Tidal Wave in Asian Market Sends U.S. Bank Stocks into a Whirlpool

Bank stocks plummeted Thursday amid a sharp selloff on Wall Street triggered by investors' fears about a spreading currency crisis in Asia.

Financial institutions with major Asian operations endured the worst drubbing, which came on the heels of a decline in the Hong Kong stock market.

"The market is punishing banks because of their exposures to Asia," said Yun Jae Chung, a banking analyst at Bessemer Trust Co., New York. "There's a lot of nervousness about what Hong Kong could mean" to U.S. stocks and markets.

New York's Citicorp, which has perhaps the most significant presence in Asia among U.S. banks, took the biggest hit, falling $7.25 to $136.75.

The slide in Hong Kong-its blue-chip index plunged 10% on Thursday- followed a sharp interest-rate hike by central banking authorities meant to stabilize the financial market.

But analysts said the move did not have the desired effect; it left investors wondering how Asian currencies will be pegged to the U.S. dollar and what the impact will be on earnings of multinational companies.

As Wall Street reacted, bank stocks surrendered in one session several days of gains that had accompanied the release of solid third-quarter earnings by the industry.

The Standard & Poor's bank stock index fell 1.68% as the Dow Jones industrial average slipped 2.33%. The NASD bank index fell 1.42, while the broad market S&P 500 dropped 1.84%.

The fall in bank stocks occurred despite a rise in bond market prices and a parallel drop in interest rates. That was a departure from the recent pattern, in which banks have risen in line with bond prices.

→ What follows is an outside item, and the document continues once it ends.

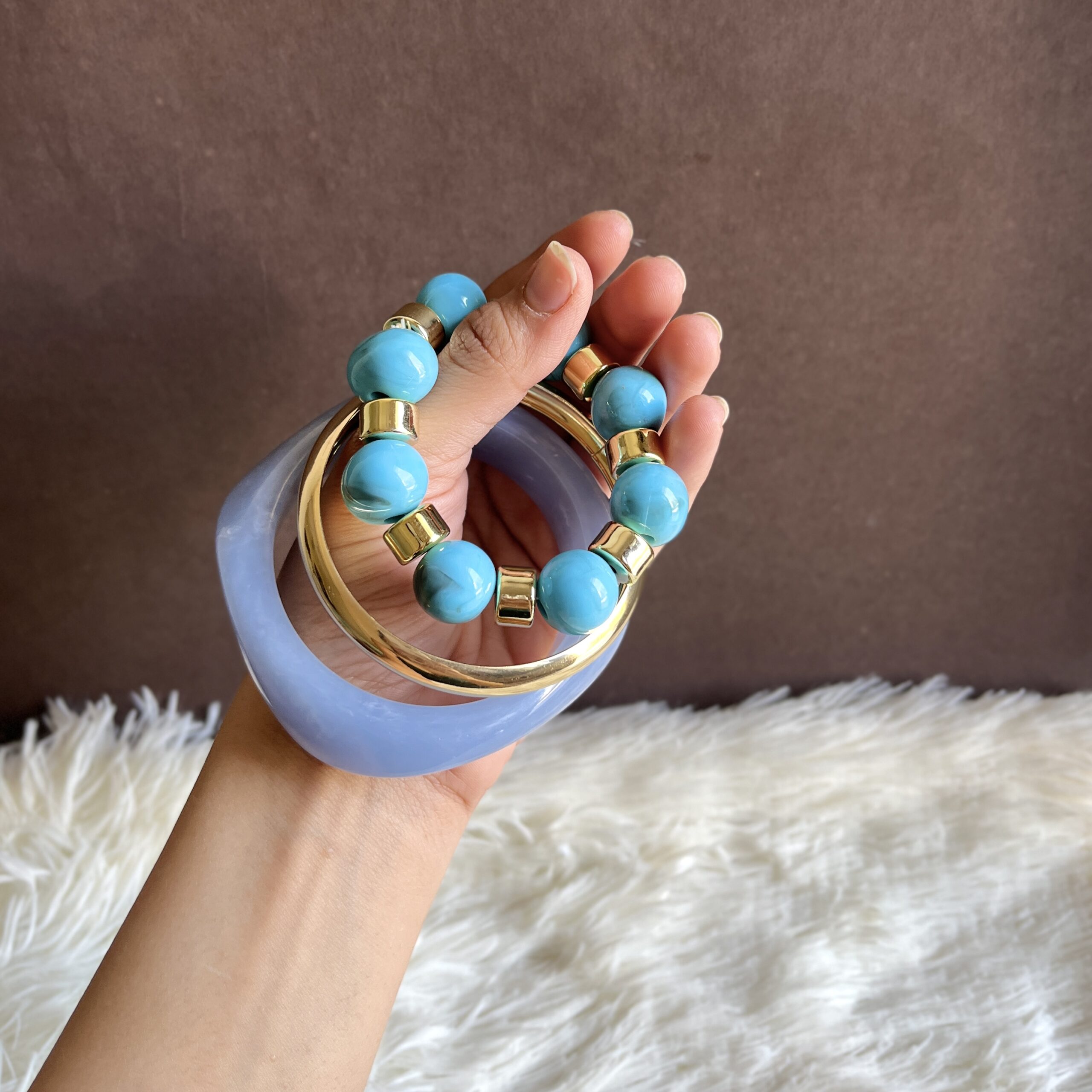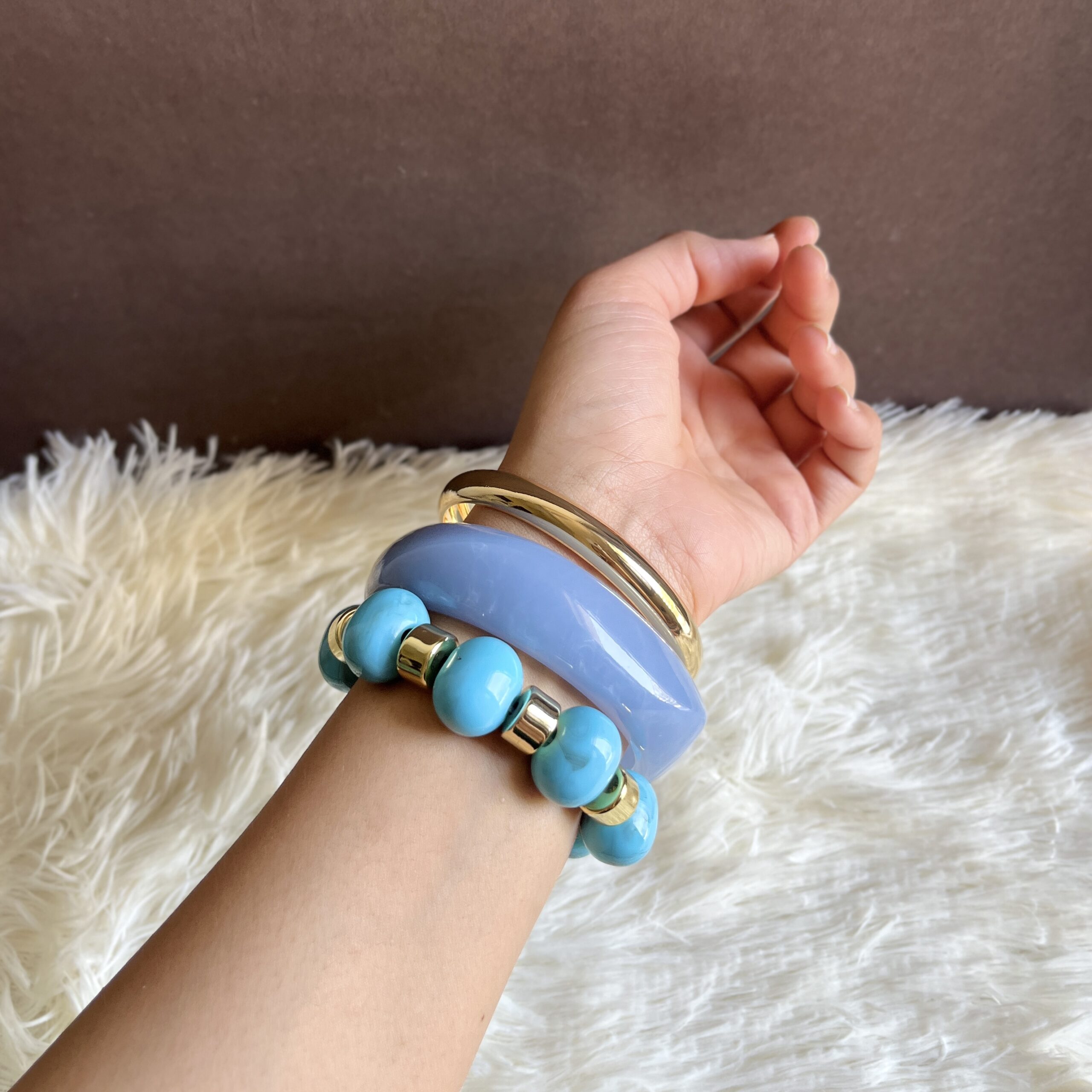 Playful yet chic, the Coastal Candy Resin Stack features soft blue tones paired with bead accents for a fun layered look. Perfect for adding a vibrant touch to summer outfits.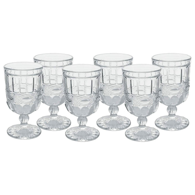 Il set di 6 calici Villa d'Este Home Tivoli è l'emblema della raffinatezza, perfetto per chi ama una tavola dal fascino intramontabile. Realizzati in vetro lavorato, questi calici si distinguono per il loro design ricercato con dettagli in rilievo che richiamano lo stile vintage, donando un tocco di classe e prestigio a ogni occasione.

"That's not what people are doing today," said Lawrence W. Cohn, research director at Ryan, Beck & Co. in Livingston, N.J. "People are just waiting" until the selling stops.

Among other major U.S. banking companies with important business presences in Asia, Chase Manhattan Corp. fell $1.8125 to $122.625, and BankAmerica Corp. dropped $1.8125 to $76.9375.

After plunging at the opening, the Dow rallied briefly during the late morning on the release of optimistic data about inflation. Jobless claims unexpectedly rose 8,000 to 315,000 last week, suggesting a dampening of what Federal Reserve Chairman Alan Greenspan has suggested may be an unsustainable economic expansion.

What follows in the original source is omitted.